Related configuration from our DSC (Salt)

Pillar / Variables

prometheus:
  retention: 1d
  version: v2.3.2

thanos:
  version: master-2018-08-04-8b7169b

Configuration

Make sure Prometheus is running in Docker:
  docker_container.running:
    - name: prometheus
    - image: prom/prometheus:{{ pillar["prometheus"]["version"] }}
    - user: 4000
    - restart_policy: always
    - network_mode: host
    - command: >
          --config.file=/etc/prometheus/prometheus-{{ grains["prometheus"]["environment"] }}.yml
          --storage.tsdb.path=/prometheus
          --web.enable-admin-api
          --web.console.libraries=/etc/prometheus/console_libraries
          --web.console.templates=/etc/prometheus/consoles
          --storage.tsdb.retention {{ pillar["prometheus"]["retention"] }}
          --storage.tsdb.min-block-duration=2h
          --storage.tsdb.max-block-duration=2h
          --web.enable-lifecycle
    - environment:
      - GOOGLE_APPLICATION_CREDENTIALS: /etc/prometheus/gcloud.json 
    - binds:
      - "/etc/monitoring/prometheus:/etc/prometheus:Z"
      - "/var/data/prometheus:/prometheus:Z"

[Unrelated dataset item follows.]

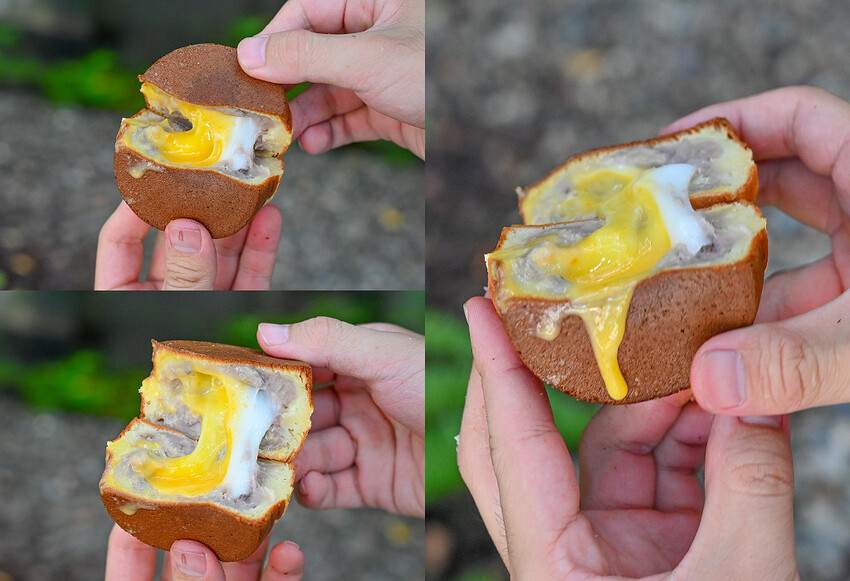趁熱的時候,中間牽絲的麻糬有點半融化狀態,中央的鹹蛋黃更是會爆漿出來~吃的時候千萬小心燙口啊!!

Make sure Thanos Sidecar is running in Docker:
  docker_container.running:
    - name: thanos-sidecar
    - image: improbable/thanos:{{ pillar["thanos"]["version"] }}
    - user: 4000
    - restart_policy: always
    - network_mode: host
    - command: >
        sidecar
        --prometheus.url http://localhost:9090
        --tsdb.path /prometheus
        --gcs.bucket xxx-thanos
        --cluster.peers query.thanos.internal.xxx:10906
        --cluster.peers store.thanos.internal.xxx:10903
        --cluster.address 0.0.0.0:10900
        --cluster.advertise-address {{ grains["ip4_interfaces"]["eth0"][0] }}:10900
        --grpc-address 0.0.0.0:10901
        --grpc-advertise-address {{ grains["ip4_interfaces"]["eth0"][0] }}:10901
        --http-address 0.0.0.0:10902
    - environment:
      - GOOGLE_APPLICATION_CREDENTIALS: /etc/prometheus/gcloud.json 
    - binds:
      - "/etc/monitoring/prometheus:/etc/prometheus:Z"
      - "/var/data/prometheus:/prometheus:Z"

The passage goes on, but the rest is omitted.